Recorded data
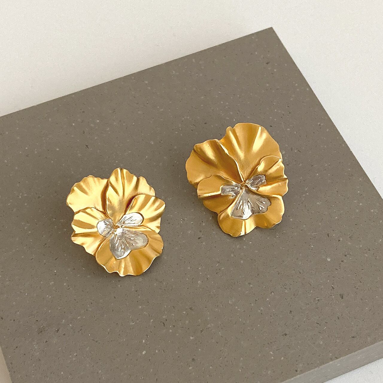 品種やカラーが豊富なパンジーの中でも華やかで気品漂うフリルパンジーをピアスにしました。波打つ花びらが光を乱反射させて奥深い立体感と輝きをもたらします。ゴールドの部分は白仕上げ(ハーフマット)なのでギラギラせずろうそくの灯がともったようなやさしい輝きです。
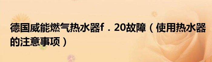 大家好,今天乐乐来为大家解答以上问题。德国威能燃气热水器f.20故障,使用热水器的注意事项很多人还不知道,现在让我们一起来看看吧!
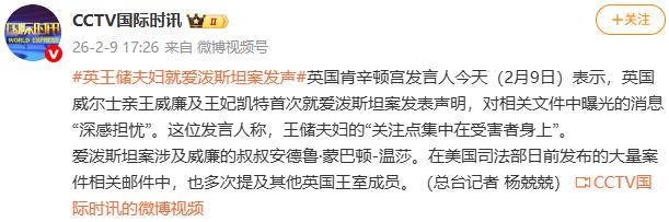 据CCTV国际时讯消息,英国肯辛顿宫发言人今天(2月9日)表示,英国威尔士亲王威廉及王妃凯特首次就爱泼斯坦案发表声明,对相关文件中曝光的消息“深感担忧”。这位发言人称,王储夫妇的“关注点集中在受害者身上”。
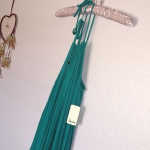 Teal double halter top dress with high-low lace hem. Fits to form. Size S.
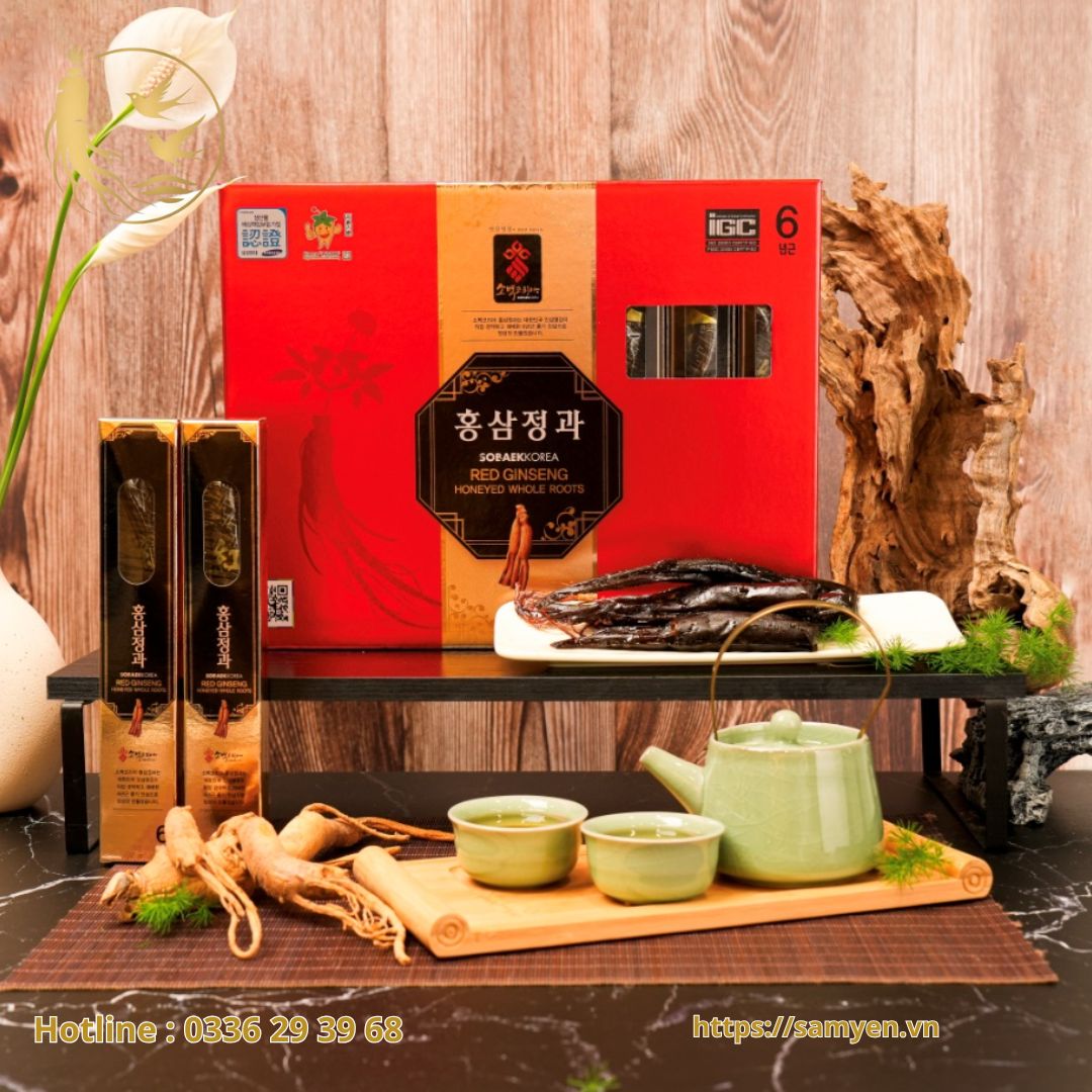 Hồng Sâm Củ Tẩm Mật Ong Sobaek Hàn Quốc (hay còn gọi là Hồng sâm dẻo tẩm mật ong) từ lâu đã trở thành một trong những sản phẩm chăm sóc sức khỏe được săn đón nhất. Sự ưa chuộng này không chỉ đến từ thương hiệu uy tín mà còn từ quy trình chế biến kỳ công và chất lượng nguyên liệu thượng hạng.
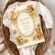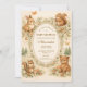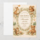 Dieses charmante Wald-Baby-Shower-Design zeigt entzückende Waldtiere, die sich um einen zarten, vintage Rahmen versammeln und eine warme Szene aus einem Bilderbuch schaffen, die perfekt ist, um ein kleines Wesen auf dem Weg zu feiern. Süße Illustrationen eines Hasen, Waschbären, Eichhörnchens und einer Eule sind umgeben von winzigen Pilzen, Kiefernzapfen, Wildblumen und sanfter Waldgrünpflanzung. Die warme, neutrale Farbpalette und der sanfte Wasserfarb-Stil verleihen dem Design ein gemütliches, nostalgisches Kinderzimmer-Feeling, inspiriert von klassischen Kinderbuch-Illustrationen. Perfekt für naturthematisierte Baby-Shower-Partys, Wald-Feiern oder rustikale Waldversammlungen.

Exercise description: Only the lines from the top of the data through the line with "Teal double halter" should be quoted, exactly and with both ends kept; skip the pictures.

Reply to the exercise:
 品種やカラーが豊富なパンジーの中でも華やかで気品漂うフリルパンジーをピアスにしました。波打つ花びらが光を乱反射させて奥深い立体感と輝きをもたらします。ゴールドの部分は白仕上げ(ハーフマット)なのでギラギラせずろうそくの灯がともったようなやさしい輝きです。
 大家好,今天乐乐来为大家解答以上问题。德国威能燃气热水器f.20故障,使用热水器的注意事项很多人还不知道,现在让我们一起来看看吧!
 据CCTV国际时讯消息,英国肯辛顿宫发言人今天(2月9日)表示,英国威尔士亲王威廉及王妃凯特首次就爱泼斯坦案发表声明,对相关文件中曝光的消息“深感担忧”。这位发言人称,王储夫妇的“关注点集中在受害者身上”。
 Teal double halter top dress with high-low lace hem. Fits to form. Size S.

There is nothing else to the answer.